### RECORDS PROVIDED

* * *

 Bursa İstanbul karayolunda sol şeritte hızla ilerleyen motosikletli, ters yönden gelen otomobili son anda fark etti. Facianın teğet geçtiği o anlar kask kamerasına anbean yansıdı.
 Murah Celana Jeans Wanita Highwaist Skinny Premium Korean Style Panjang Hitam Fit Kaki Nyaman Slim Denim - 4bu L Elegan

* * *

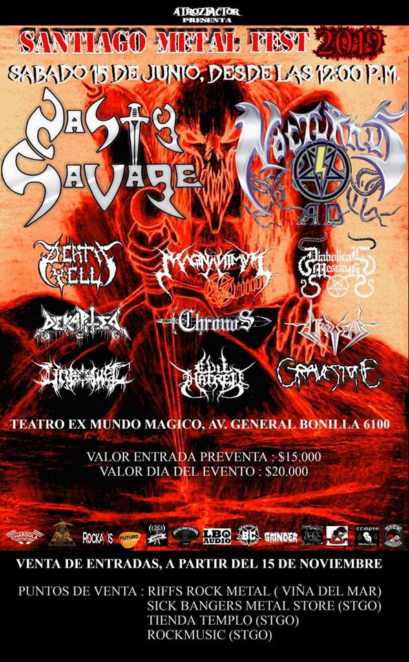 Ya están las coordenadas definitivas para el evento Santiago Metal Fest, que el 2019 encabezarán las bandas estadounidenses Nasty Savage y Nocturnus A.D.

* * *

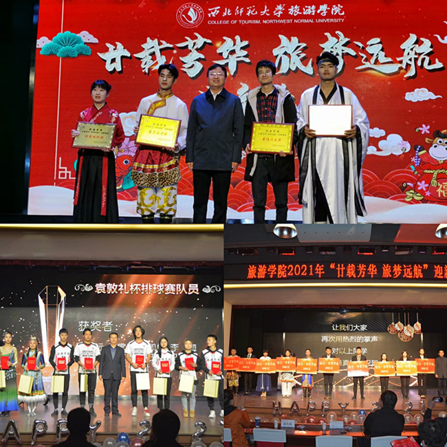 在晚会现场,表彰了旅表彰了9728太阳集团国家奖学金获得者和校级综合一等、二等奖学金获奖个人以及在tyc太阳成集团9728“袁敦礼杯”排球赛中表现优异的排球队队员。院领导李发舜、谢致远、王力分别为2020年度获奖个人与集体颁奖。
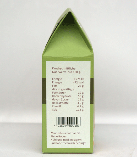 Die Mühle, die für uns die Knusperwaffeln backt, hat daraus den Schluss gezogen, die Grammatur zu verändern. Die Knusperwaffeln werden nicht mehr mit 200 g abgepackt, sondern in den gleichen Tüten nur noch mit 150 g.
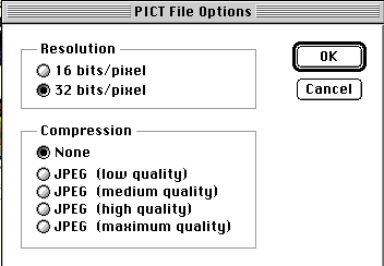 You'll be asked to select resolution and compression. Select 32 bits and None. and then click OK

* * *

### TO DO
Without the pictures, set down the lines above from the line with "在晚会现场,表彰了旅表彰了9" up to and including the line with "You'll be asked" exactly as they stand.

### TASK ANSWER
 在晚会现场,表彰了旅表彰了9728太阳集团国家奖学金获得者和校级综合一等、二等奖学金获奖个人以及在tyc太阳成集团9728“袁敦礼杯”排球赛中表现优异的排球队队员。院领导李发舜、谢致远、王力分别为2020年度获奖个人与集体颁奖。
 Die Mühle, die für uns die Knusperwaffeln backt, hat daraus den Schluss gezogen, die Grammatur zu verändern. Die Knusperwaffeln werden nicht mehr mit 200 g abgepackt, sondern in den gleichen Tüten nur noch mit 150 g.
 You'll be asked to select resolution and compression. Select 32 bits and None. and then click OK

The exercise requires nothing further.